The air fryer has no self-awareness. Turn it on and its computer instructs you to preheat it for 19-plus minutes. This is too long. Typically, my husband appears in the kitchen after three minutes of pre-heating and announces the preheating is done. This is too short. He then puts a slab of protein inside the air fryer compartment, fish, chicken or whatever (It is significant that he does not do this with steak, his favorite protein.) We keep taking fish or chicken out of the air fryer compartment. It is never done within a reasonable period of time or we leave it in too long and it is overdone. It only works well when cooking small potatoes. Did I mention Mulvaney is of Irish descent? Clearly there is no French—or more accurately Belgian—in his DNA because to make french fries in the air fryer one needs about the same amount of time it would take to write a grant proposal. To make these air fryer fries you need to cut up a large batch of potatoes and then air fry them in countless small batches for a period of time that may or may not work. My husband and I do agree that this is not an efficient way to make french fries. Not that this creates peace at home. We often argue over issues about which we agree.

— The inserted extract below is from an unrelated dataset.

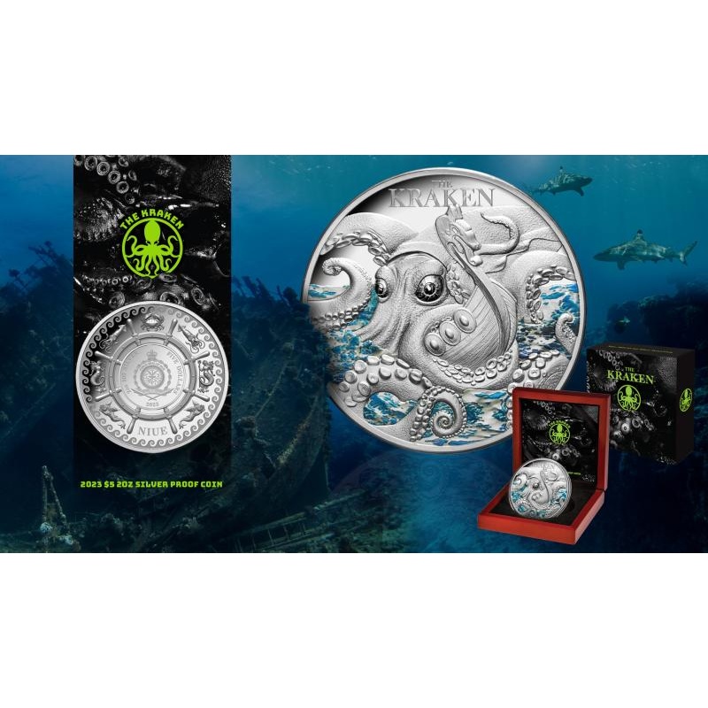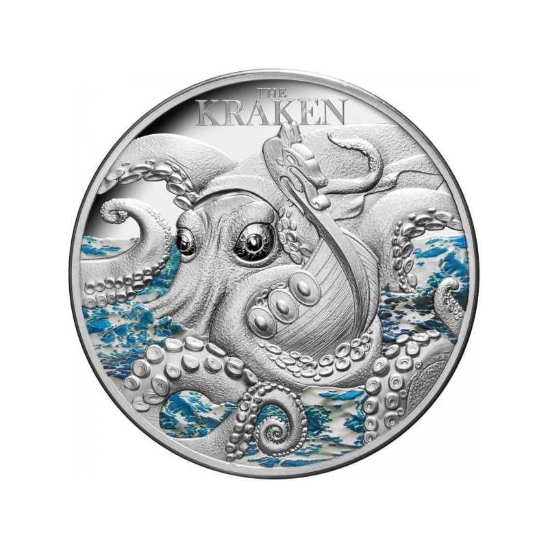 Myyttiset olennot - Kraken. Niue 5 $ 2023 99,9 % hopearaha 62,2 g

The air fryer also mucks up my cooking from the boxes. None of the recipes are made for air fryers. My husband says this will change when Martha Stewart and her ilk acquire air fryer companies. I can wait.
I did, by the way, get vindication on the air fryer.
My husband was down a hallway in his home office on the phone with a friend, a brilliant guy who has interrogated some of the major criminals of the twenty-first century. I was in the kitchen trying one last time to be a good sport and cook salmon in the air fryer. I called out to my husband to help me check on the timing, futile though I knew this would be.
As I later heard it, this caused my husband’s friend to let out a long feral moan, one you might hear from the target of an investigation, rather than the investigator himself.
“Geez, what was you thinking,” the interrogator had said. “I told you to ask me before you do something stupid.”
My husband thought, but didn’t say, “how was I supposed to know buying an air fryer was stupid?” It is part of the male code never to say such words aloud. Real men don’t eat quiche—or admit to purchasing errors.
After the phone call ended, I sensed from the look on my husband’s face that there was something I should know.
“What did he say? I asked.
My husband put his hand on the air fryer, with a sympathetic touch. “He said he bought one for the wife for Christmas three years ago. Said it sat on the counter for a couple of weeks, wound up in the closet where it continues to reside. Never produced a meal.”
Now there’s a woman I admire. I bet she never used her dustbuster either.